A male child of Caucasian origin was brought to our hospital at the age of 5 days with circumferential congenital constriction rings just above the ankle joint, and severe clubfeet. The pediatric examination revealed no other abnormality in the upper extremities or other organs. Pregnancy was uneventful, but during a routine ultrasound examination at 18 weeks of gestation, the gynecologist noticed bilateral clubfoot deformities and informed the parents (Fig.1). The child was born by normal vaginal delivery at full term with cephalic presentation. There was no family history of congenital anomalies. The karyotype test was done and revealed no abonormality. Further genetic testing were not done.
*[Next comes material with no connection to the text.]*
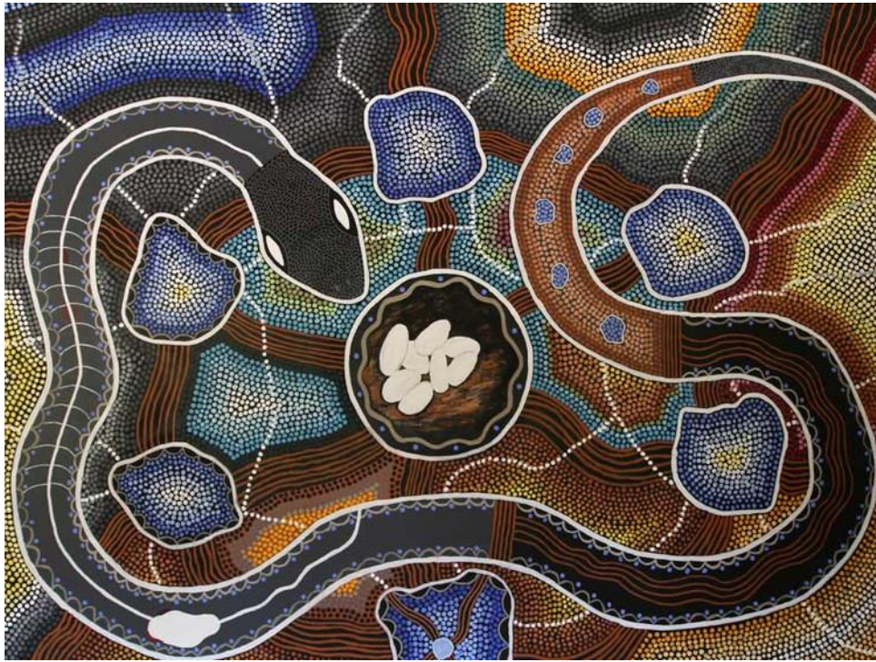
'Y-INAGN' (Creation) by local Noongar artist Craig McVee

On inspection, both feet had inversion at the subtalar joint, equinus and varus in the ankle joint, adduction of the forefoot, pronation of the forefoot in relation to the ankle joint, cavus (excavatum), internal rotation of the crural region. (Fig.2) The right foot: a constriction circumferential ring, type II in Patterson classification, was located about 4.0 cm above ankle joint without neurologic deficit, but with dorsal lymphedema. The toes of the right foot were hypoplastic. There was also a severe clubfoot deformity grade 4 according to Dimeglio classification with a marked medio-tarsal crease. The left foot: a circumferential constriction band, type II in Patterson classification, was located above 3.8 cm on the ankle but without lymphedema. The clubfoot deformity was grade 4 according to Dimeglio. There wasn’t noticed any limb-length discrepancy.Fig. 2. Severe bilateral clubfoot in a newborn at the day of birth and at the age of 5 days with constriction rings. Constriction rings in the calf above to the ankle joint are circumferential and responsible for foot and ankle lymphedema on the right side .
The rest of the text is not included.